— Instructions for the task —
For the material below, reproduce exactly each line from the one that has "Russian boxer Dmitry" through the one that has "ایشان افزودند:باتوجه به", and no others; pictures stay out.

— Exercise data —
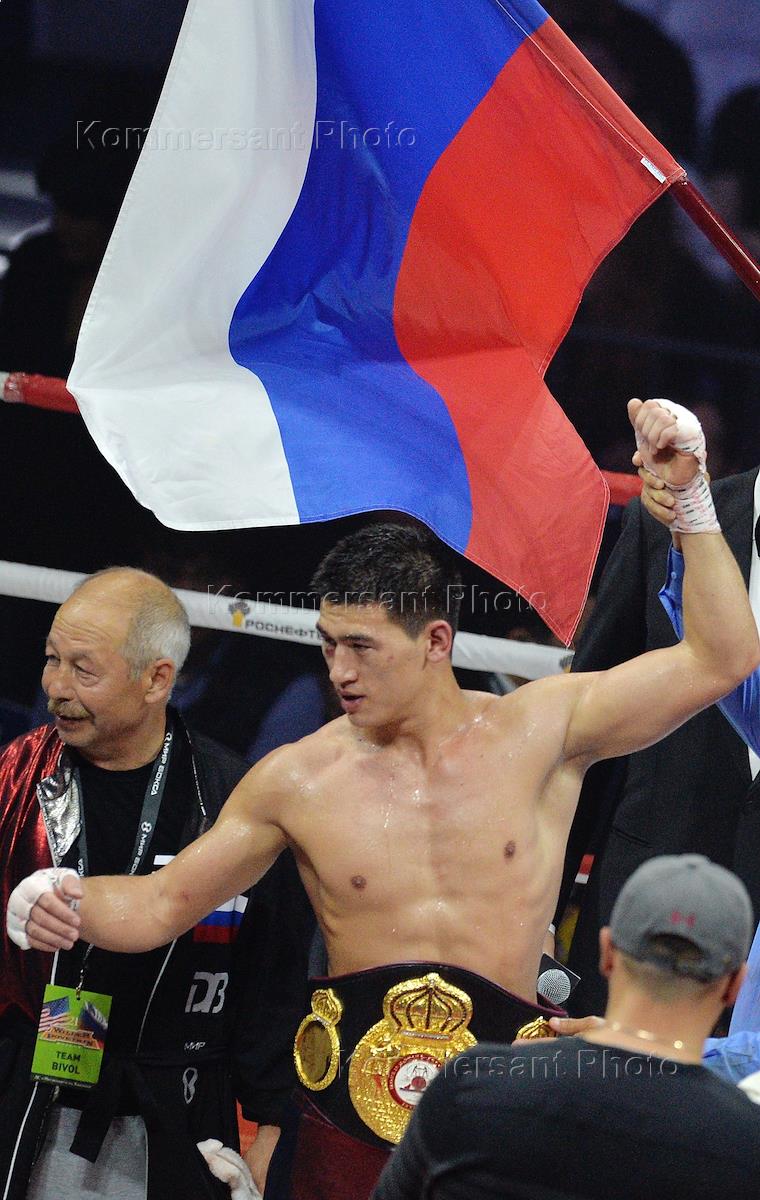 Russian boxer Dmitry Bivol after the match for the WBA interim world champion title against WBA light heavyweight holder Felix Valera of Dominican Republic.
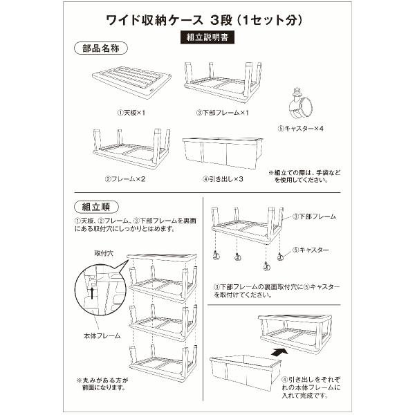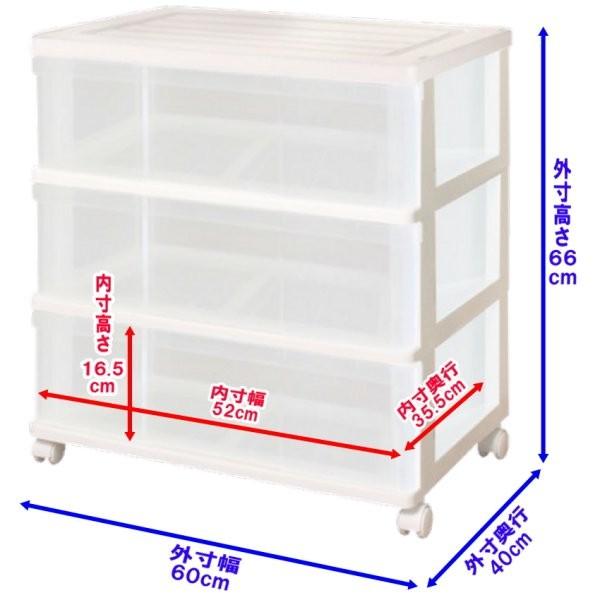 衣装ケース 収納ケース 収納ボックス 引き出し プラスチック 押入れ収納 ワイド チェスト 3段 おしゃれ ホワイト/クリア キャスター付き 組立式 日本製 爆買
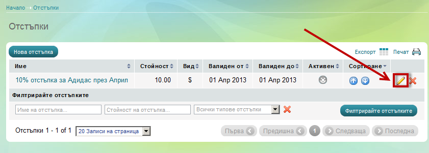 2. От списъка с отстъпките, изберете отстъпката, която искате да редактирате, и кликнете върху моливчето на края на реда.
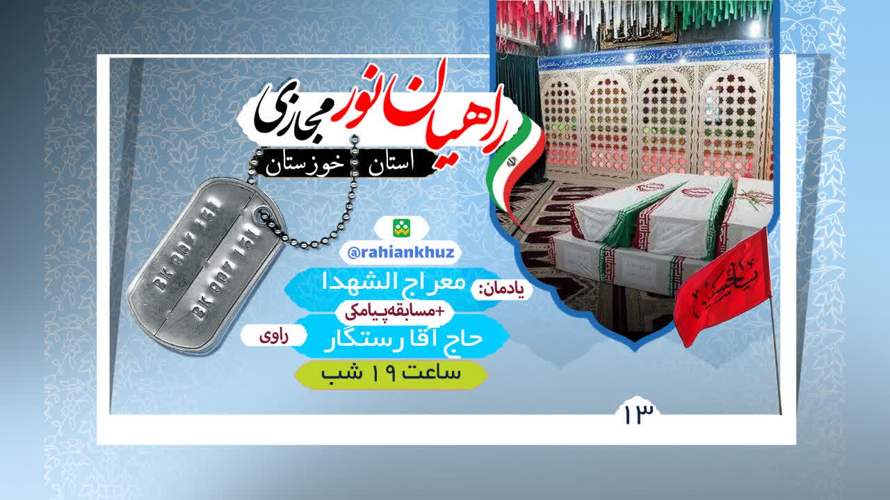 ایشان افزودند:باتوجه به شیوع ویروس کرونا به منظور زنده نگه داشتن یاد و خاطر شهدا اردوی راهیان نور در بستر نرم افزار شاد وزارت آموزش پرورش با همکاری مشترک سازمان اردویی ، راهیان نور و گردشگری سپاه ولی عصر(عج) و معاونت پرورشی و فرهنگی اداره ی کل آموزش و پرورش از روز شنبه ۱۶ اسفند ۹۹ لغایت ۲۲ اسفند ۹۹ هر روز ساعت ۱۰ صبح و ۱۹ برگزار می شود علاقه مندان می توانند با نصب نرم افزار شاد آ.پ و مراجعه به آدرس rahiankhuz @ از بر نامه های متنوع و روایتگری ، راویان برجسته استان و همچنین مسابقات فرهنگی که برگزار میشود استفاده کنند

==

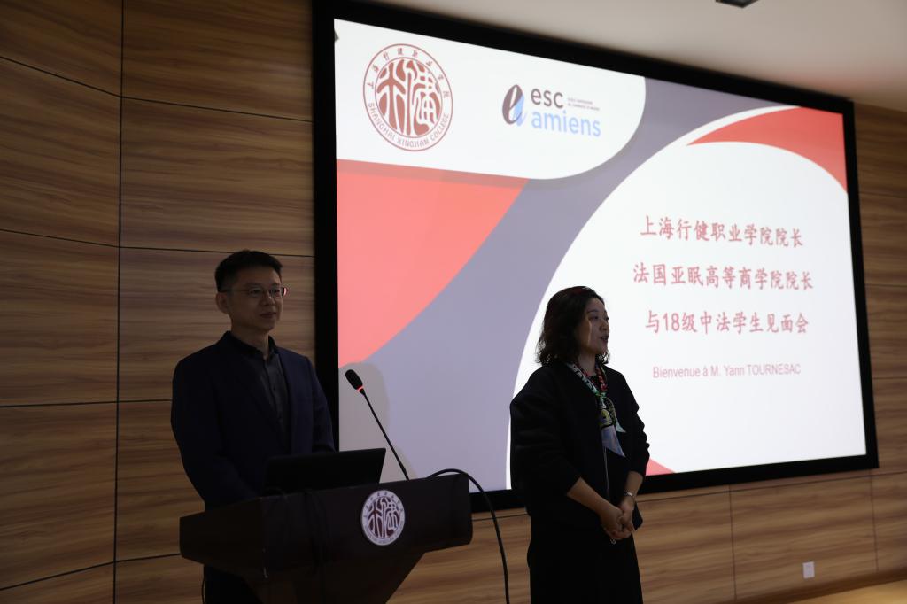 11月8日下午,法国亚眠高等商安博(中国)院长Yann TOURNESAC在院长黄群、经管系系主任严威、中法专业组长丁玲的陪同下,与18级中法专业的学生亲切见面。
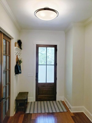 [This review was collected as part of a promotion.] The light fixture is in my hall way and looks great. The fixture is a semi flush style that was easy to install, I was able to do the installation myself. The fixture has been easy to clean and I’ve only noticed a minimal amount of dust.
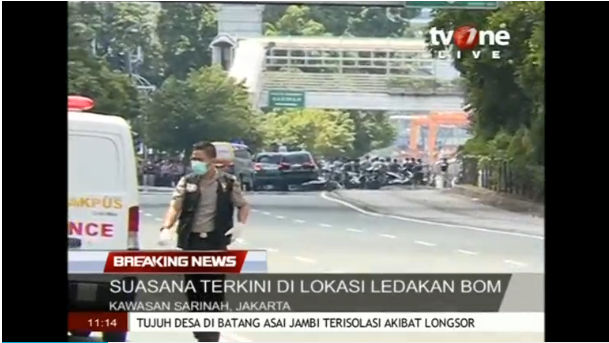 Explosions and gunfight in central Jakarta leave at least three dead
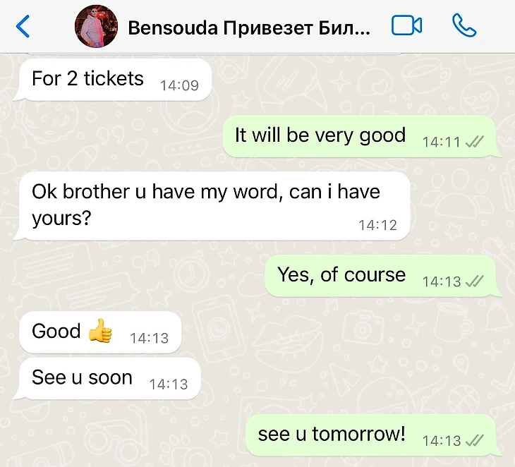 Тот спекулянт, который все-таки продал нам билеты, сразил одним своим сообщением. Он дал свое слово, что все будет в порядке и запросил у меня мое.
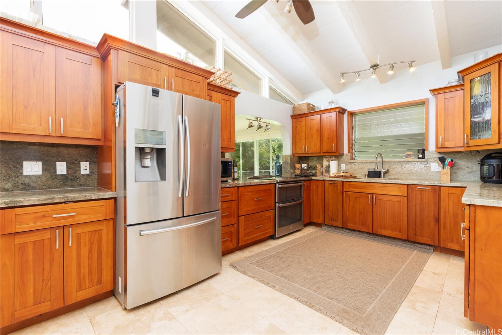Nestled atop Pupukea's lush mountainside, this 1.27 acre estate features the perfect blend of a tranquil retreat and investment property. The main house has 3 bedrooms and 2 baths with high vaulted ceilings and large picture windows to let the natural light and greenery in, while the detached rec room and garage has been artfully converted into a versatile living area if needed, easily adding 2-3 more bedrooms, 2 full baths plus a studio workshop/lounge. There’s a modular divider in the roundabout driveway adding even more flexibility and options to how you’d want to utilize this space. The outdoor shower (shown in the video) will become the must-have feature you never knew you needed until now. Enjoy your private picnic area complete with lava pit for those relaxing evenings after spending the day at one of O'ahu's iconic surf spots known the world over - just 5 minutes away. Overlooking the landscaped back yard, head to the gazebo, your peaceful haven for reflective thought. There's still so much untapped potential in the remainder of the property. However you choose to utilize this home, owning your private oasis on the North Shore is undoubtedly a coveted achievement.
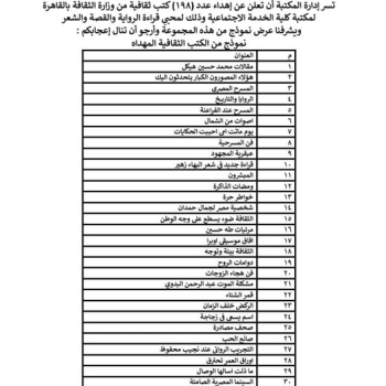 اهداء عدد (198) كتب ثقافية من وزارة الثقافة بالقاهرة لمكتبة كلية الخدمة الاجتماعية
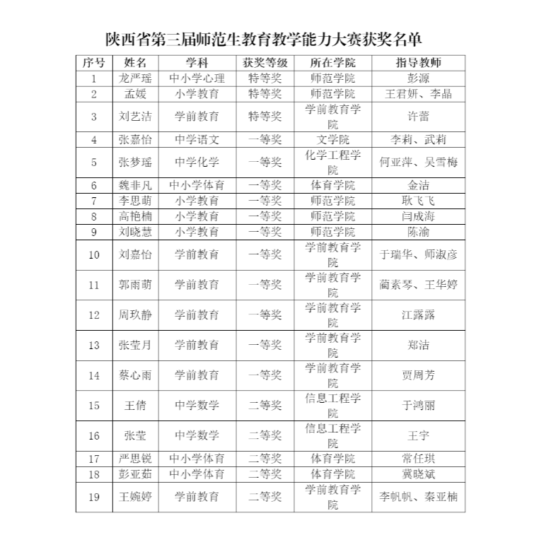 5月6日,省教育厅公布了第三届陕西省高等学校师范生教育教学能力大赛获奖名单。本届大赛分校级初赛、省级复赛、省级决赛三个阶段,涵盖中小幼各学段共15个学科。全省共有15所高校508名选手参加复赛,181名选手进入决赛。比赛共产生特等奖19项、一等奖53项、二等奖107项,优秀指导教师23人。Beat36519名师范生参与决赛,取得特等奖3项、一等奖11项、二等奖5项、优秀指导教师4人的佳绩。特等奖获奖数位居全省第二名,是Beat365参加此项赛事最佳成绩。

— Task solution —
 Russian boxer Dmitry Bivol after the match for the WBA interim world champion title against WBA light heavyweight holder Felix Valera of Dominican Republic.
 衣装ケース 収納ケース 収納ボックス 引き出し プラスチック 押入れ収納 ワイド チェスト 3段 おしゃれ ホワイト/クリア キャスター付き 組立式 日本製 爆買
 2. От списъка с отстъпките, изберете отстъпката, която искате да редактирате, и кликнете върху моливчето на края на реда.
 ایشان افزودند:باتوجه به شیوع ویروس کرونا به منظور زنده نگه داشتن یاد و خاطر شهدا اردوی راهیان نور در بستر نرم افزار شاد وزارت آموزش پرورش با همکاری مشترک سازمان اردویی ، راهیان نور و گردشگری سپاه ولی عصر(عج) و معاونت پرورشی و فرهنگی اداره ی کل آموزش و پرورش از روز شنبه ۱۶ اسفند ۹۹ لغایت ۲۲ اسفند ۹۹ هر روز ساعت ۱۰ صبح و ۱۹ برگزار می شود علاقه مندان می توانند با نصب نرم افزار شاد آ.پ و مراجعه به آدرس rahiankhuz @ از بر نامه های متنوع و روایتگری ، راویان برجسته استان و همچنین مسابقات فرهنگی که برگزار میشود استفاده کنند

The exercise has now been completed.